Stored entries
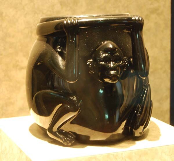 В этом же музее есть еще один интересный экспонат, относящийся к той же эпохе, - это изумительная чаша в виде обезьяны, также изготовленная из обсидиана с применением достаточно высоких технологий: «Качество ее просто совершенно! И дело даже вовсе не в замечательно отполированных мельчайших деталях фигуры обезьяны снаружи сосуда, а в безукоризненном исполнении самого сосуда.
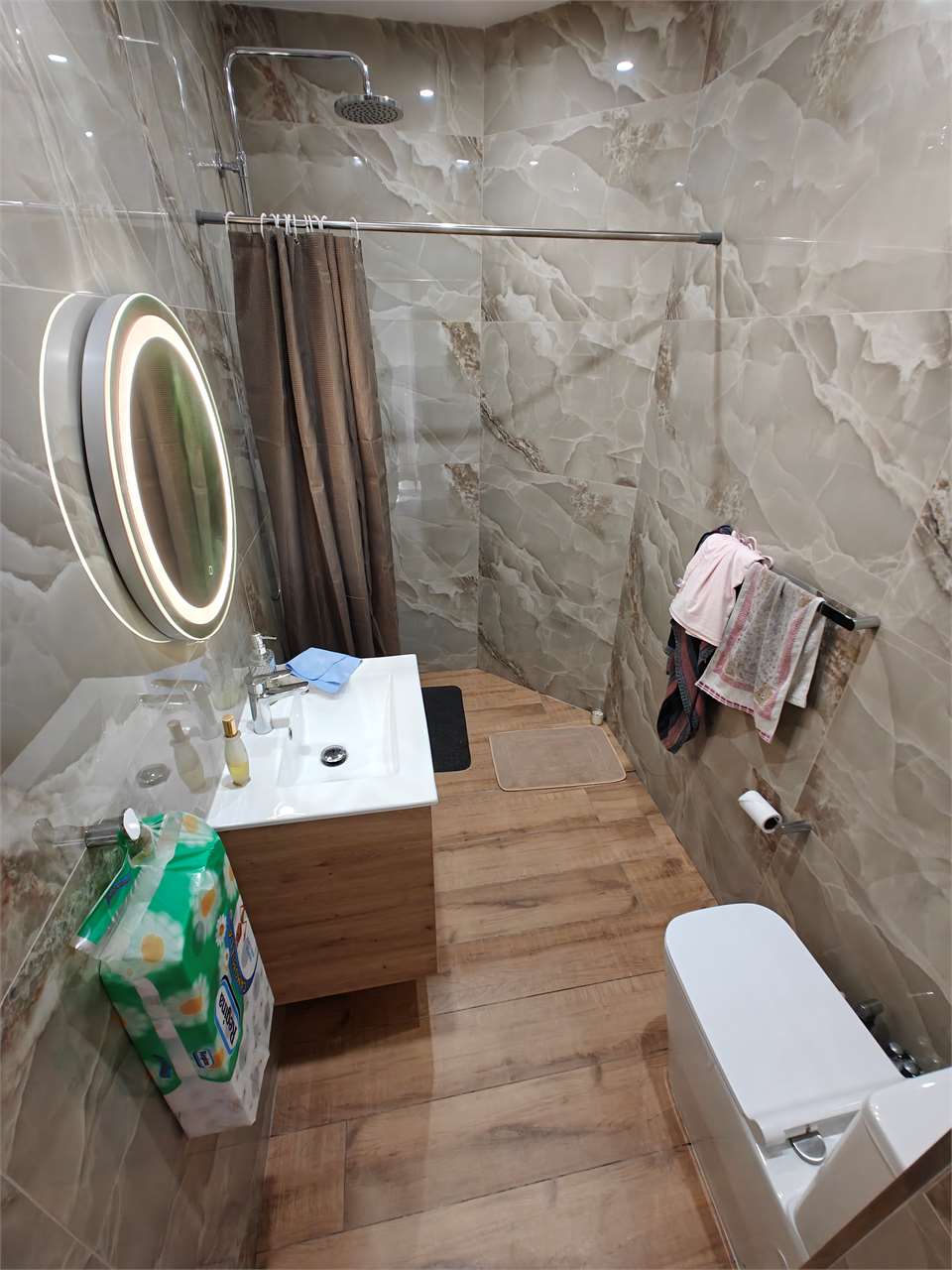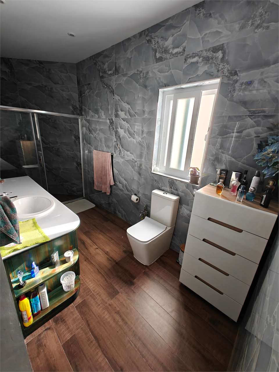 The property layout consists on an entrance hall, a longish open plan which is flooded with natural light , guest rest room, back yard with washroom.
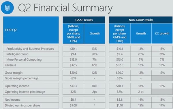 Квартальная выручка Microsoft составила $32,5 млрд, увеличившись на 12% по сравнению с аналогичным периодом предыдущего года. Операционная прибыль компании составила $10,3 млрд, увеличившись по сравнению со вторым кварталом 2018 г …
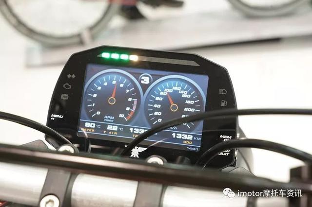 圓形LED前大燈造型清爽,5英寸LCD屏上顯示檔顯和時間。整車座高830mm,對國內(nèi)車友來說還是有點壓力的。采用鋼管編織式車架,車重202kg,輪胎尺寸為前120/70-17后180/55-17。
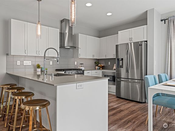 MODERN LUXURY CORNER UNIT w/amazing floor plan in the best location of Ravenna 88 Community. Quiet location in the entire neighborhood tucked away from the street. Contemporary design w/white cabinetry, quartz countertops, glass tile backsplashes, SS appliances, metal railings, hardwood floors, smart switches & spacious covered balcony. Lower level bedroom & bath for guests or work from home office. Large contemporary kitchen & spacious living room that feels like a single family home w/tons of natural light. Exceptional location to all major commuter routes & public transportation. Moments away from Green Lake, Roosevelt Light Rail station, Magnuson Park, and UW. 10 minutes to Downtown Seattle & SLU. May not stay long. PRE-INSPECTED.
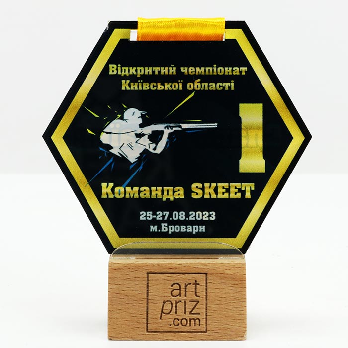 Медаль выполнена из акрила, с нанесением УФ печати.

* **Assignment**
Set down each record above exactly as it stands and leave out all pictures.

* **Reply to the task**
 В этом же музее есть еще один интересный экспонат, относящийся к той же эпохе, - это изумительная чаша в виде обезьяны, также изготовленная из обсидиана с применением достаточно высоких технологий: «Качество ее просто совершенно! И дело даже вовсе не в замечательно отполированных мельчайших деталях фигуры обезьяны снаружи сосуда, а в безукоризненном исполнении самого сосуда.
 The property layout consists on an entrance hall, a longish open plan which is flooded with natural light , guest rest room, back yard with washroom.
 Квартальная выручка Microsoft составила $32,5 млрд, увеличившись на 12% по сравнению с аналогичным периодом предыдущего года. Операционная прибыль компании составила $10,3 млрд, увеличившись по сравнению со вторым кварталом 2018 г …
 圓形LED前大燈造型清爽,5英寸LCD屏上顯示檔顯和時間。整車座高830mm,對國內(nèi)車友來說還是有點壓力的。采用鋼管編織式車架,車重202kg,輪胎尺寸為前120/70-17后180/55-17。
 MODERN LUXURY CORNER UNIT w/amazing floor plan in the best location of Ravenna 88 Community. Quiet location in the entire neighborhood tucked away from the street. Contemporary design w/white cabinetry, quartz countertops, glass tile backsplashes, SS appliances, metal railings, hardwood floors, smart switches & spacious covered balcony. Lower level bedroom & bath for guests or work from home office. Large contemporary kitchen & spacious living room that feels like a single family home w/tons of natural light. Exceptional location to all major commuter routes & public transportation. Moments away from Green Lake, Roosevelt Light Rail station, Magnuson Park, and UW. 10 minutes to Downtown Seattle & SLU. May not stay long. PRE-INSPECTED.
 Медаль выполнена из акрила, с нанесением УФ печати.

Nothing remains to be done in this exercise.